But the death of her husband Philip in the conflict with Trajan Decius, and the horror of having her son slain in her arms by the Praetorian Guard, in whose camp they jointly sought a refuge on the approach of the victorious Trajan Dacius to Rome, caused her to withdraw into private life and into historical obscurity. According to the scant historical accounts which survive of her life after the death of her husband and son, Otacilia passed the remainder of her days in retirement. An ancient portrait of Otacilia may be seen here.
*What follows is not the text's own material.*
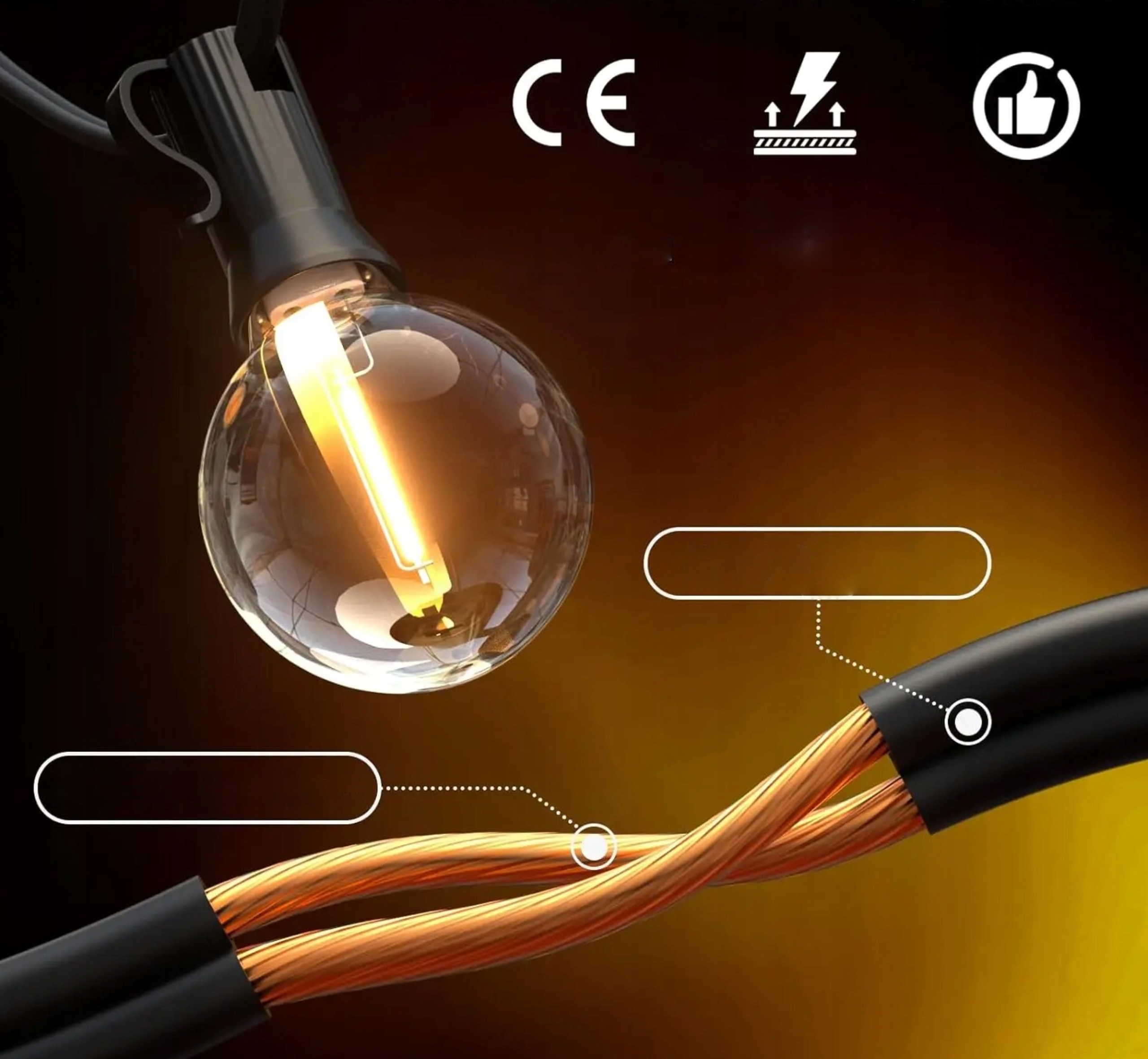 najnowsze żarówki edisona są trwalsze i stand strand, они не ломаются при падении. Его классическая, удлиненная форма и видимые волокна добавляют стиль ретро, идеально подходящие внешние пространства, такие как сады или террасы.

The reverse of this coin features the Goddess “Pudicitia” (known to the ancient Greeks as “Aidos”). The reverse of the coin portrays the Goddess Pudicitia, the mythical personification of the "Roman" virtue of modesty, reverence, respect, and chastity. Her Greek equivalent was Aidos who was a companion of the goddess Nemesis. There are references to her in various early Greek plays, such as Prometheus Bound by Aeschylus, Iphigenia at Aulis by Euripides, and Oedipus Rex by Sophocles. Aidos, as a value, ethos, or quality, was that feeling of reverence or shame which restrains men from wrong. A personification isn’t really a deity or goddess, it is rather a symbol much like the Statue of Liberty symbolizes both America and the abstract concept of freedom and liberty. In Roman context, these are the values at the heart of the Via Romana, “the Roman Way”, and are thought to be those qualities which gave the Roman Republic the moral strength to conquer and civilize the world.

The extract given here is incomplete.